そう言いつつも、何故か俺をジト目で見る未来。



「ふん、朝から騒々しいな……」


――と、篠ノ之が言う…別に騒ぎたい訳ではないんだがな。


「まあまあ箒、こういうのもたまには良いだろ?」

「む……うむ…」


――と、一夏が言えば箒は肯定する。

まさに一夏は篠ノ之ホイホイだな。


それはそうと、一夏は何を思ったのかラウラの隣に座った為、それを嫌がったラウラがあろうことか俺の膝に座ってきた――何故に?

そして周りからの突っ込みが無いのも何故だ?


「なあラウラ、そんなに嫌がることはないだろ?」

「……貴様と話す舌は持たん。わざわざ私の隣に座るな」


――と一蹴するかのように一夏に告げるラウラは、自分の朝食を俺の右隣へ移すと同時に俺の膝から降りて右隣に座った。

――と、美冬が口を開いて。


「こうやってお兄ちゃんとラウラが並んで食べてると兄妹みたいに見えるよね?妹の私より共通点多いもん」


そう言い、頬を膨らませる美冬――。


「そういやそうだな。互いに銀髪だし――っても俺は青みがかった銀髪だが、瞳の色も同じ赤だし――ラウラは左目が特殊だったな?」

「……うむ…前は左目を嫌っていたが、今はそうでもないのでな…」


確かISのハイパーセンサーを補助的に扱う特殊なナノマシンが注入されてるってラウラが話してくれたな……人体実験か…全く、いたいけない子供にそんなことするとは――まあ俺も下手したら今頃解剖されてたかもしれないからな……。


「何にしても結構共通点あるよな、ISも黒だし」

「う、うむ……私は、それが何より嬉しい」

「むぅ…」

「美冬、そんなに頬を膨らませるなよ。俺と美冬が双子という事実は変わらないんだから」


そんなことを言いながら朝食を食べていると突然慌てたような声が聞こえてきた――。


「わああっ!ち、遅刻っ……遅刻するっ……!」


声の主はシャルだ、時計を見ると確かに予鈴がなる十分前だった――そんなにゆっくりしてたか、俺たち?
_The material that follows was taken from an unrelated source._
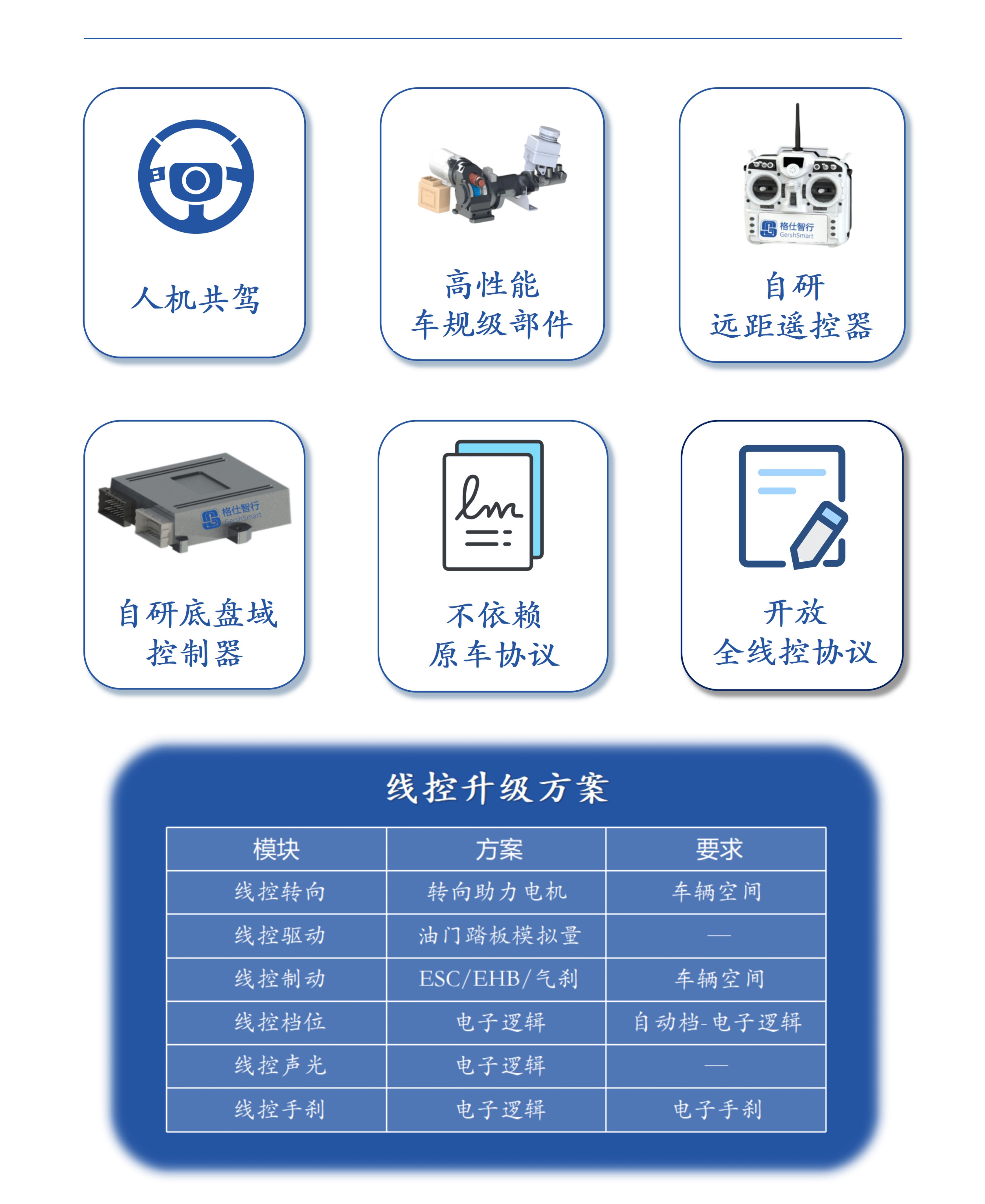 格仕智行车辆线控改制乘用车、低速传统车、商用车重卡线控底盘
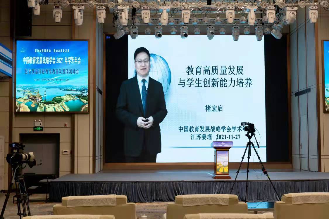 人民艺术网本网讯:11月27日,中国教育发展战略学会2021年学术年会暨首届基础教育高质量发展溱湖峰会以线上模式召开,与会领导、嘉宾借助数字平台以“云端会议”赋能高质量基础教育。会议以党的十九届六中全会的胜利召开为契机,结合六中全会通过的党的百年奋斗重大成就和历史经验决议的学习要求,坚持以习近平新时代中国特色社会主义思想为指引,以“贯彻新发展理念,推动高质量发展”为主题,紧扣当前我国教育改革发展的重大战略问题设置专题论坛。

ともかく、手近にある定食を手に取ったシャルを呼び寄せた――。


「シャル、こっちに来なよ?」

「あっ、ひ、ヒルト!?……おはよぅ……うぅ…」

「…?」


何故か俺の顔を見るなり真っ赤になるシャルに疑問を抱きつつ、手招きした。



「よぅ、シャルが遅いってのも珍しいな?寝坊か?」

「ぇ、ぇと……その、ヒルトの言う通り寝坊……」

「シャルが寝坊…?お兄ちゃんと一緒の部屋の時は大丈夫だったのに…珍しいね?」

「う、うん…うっかり二度寝しちゃって…後シャワーも浴びたから…」


そういやよく見ると、髪が艶々してるな…朝シャンって奴か。

――微妙に歯切れが悪いのは気のせいではないだろう、昨日までは普通にしていたが今日の朝は少しおかしい気がする。


「なあシャル、良いか?」

「う、うん?何かな?」

「歯切れが悪いが俺、何か気に障る事でもしたか?」


そう言うと、全力否定するように手を振りながら――。


「な、何でもないよッ!?ち、ちょっと今朝見た夢が……」



そう言ったシャルは、また顔を更に赤くし、俺から視線を逸らすと黙々と食べ始めた。

俺は既に食べ終えているからもう向かっても良いのだが…まあもうちょい待っても良いだろう。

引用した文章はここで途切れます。